Mayor Don McCormick will head to China in October to assist search

  • Jul. 27, 2018 12:00 a.m.
Firm seeks investors for International School

Kimberley Mayor Don McCormick is headed to China this October, alongside Purcell International Education (PIE), in order to meet with potential investors regarding a proposed $50 million full-time international education school in Kimberley.

Duncan MacLeod, who was formerly the International Education Manager for SD6 and the Rocky Mountain International Education Program, has started a new venture as President of Purcell International Education Ltd. He has invited the Mayor to China, all expenses paid by PIE.

MacLeod was reached for comment with no response, however in a letter to Mayor and Council he explained that PIE is seeking to raise $50 million from Chinese investors in Hong Kong and Guangdong, along with investors in the Vancouver area.

“As an economic development initiative, the proposed school has transformational potential for Kimberley,” wrote MacLeod.

He adds that the school is forecast to generate over $20 million per year in annual revenue and $10 million in secondary (mostly local) spending by students and their parents.

MacLeod and McCormick want to put Kimberley on the map for foreign investors.
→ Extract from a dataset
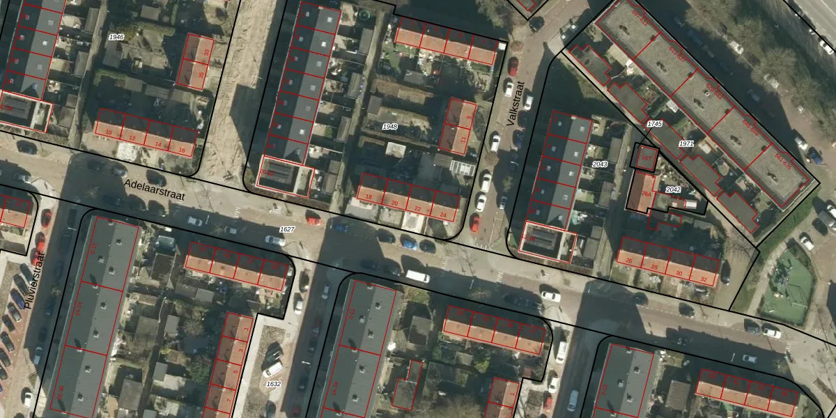 Het perceel waarop Adelaarstraat 22 staat heeft een oppervlakte van 2725 m². Dit is een zeer groot perceel. De perceeloppervlakte wordt geregistreerd door het Kadaster. Gedetailleerde informatie over de maten van dit perceel kunt u vinden in het rapport Kadastrale kaart met maatvoering van Adelaarstraat 22.

The Mayor says that a large amount of foreign money is invested into the mainland, however himself and MacLeod are working with the province to notify investors that “there’s more than the mainland”.

“International education is a significant export earner for British Columbia, contributing more than $2 billion to the economy annually,” MacLeod said. “The majority of the activity in the sector takes place in the Lower Mainland but the Kootenay Rockies region of B.C. has established its own market and has demonstrated potential to grow, particularly in Kimberley where international education has a long and successful history that has only been limited by access to available spaces in the public school international program.”

The three major factors affecting investors’ decisions, says McCormick, are dollars, safety of kids, and the diversity of students.

He adds that PIE would need 40 to 50 acres of land on which to build their campus, and the development would be phased over several years.

“40 to 50 acres in Surrey would probably cost $40 or $50 million,” said McCormick.

Where those 40 to 50 acres will be has yet to be determined. McCormick says that PIE is currently looking at Teck owned lands in Forest Crowne, along with exploring other options.

Kimberley would see a diverse student body, of approximately 450, with one third from China, one third from other international locations such as Europe and one third from across North America. They will all follow the B.C. Education curriculum and the school would be a full-time, year-round operation, says McCormick.

“The proposed independent school will not only create additional spaces but new and attractive programming in support of maximizing the international education opportunity in and for Kimberley,” said MacLeod.

Despite the fact that investors are “really interested” in this project, says MacLeod, they need to be convinced that Kimberley is the right place to do so. Hence, the Mayor’s trip to China.

Once there, McCormick and MacLeod will work with investors and consultants to build a business case, and they will also need to acquire political support on a local, provincial and federal level.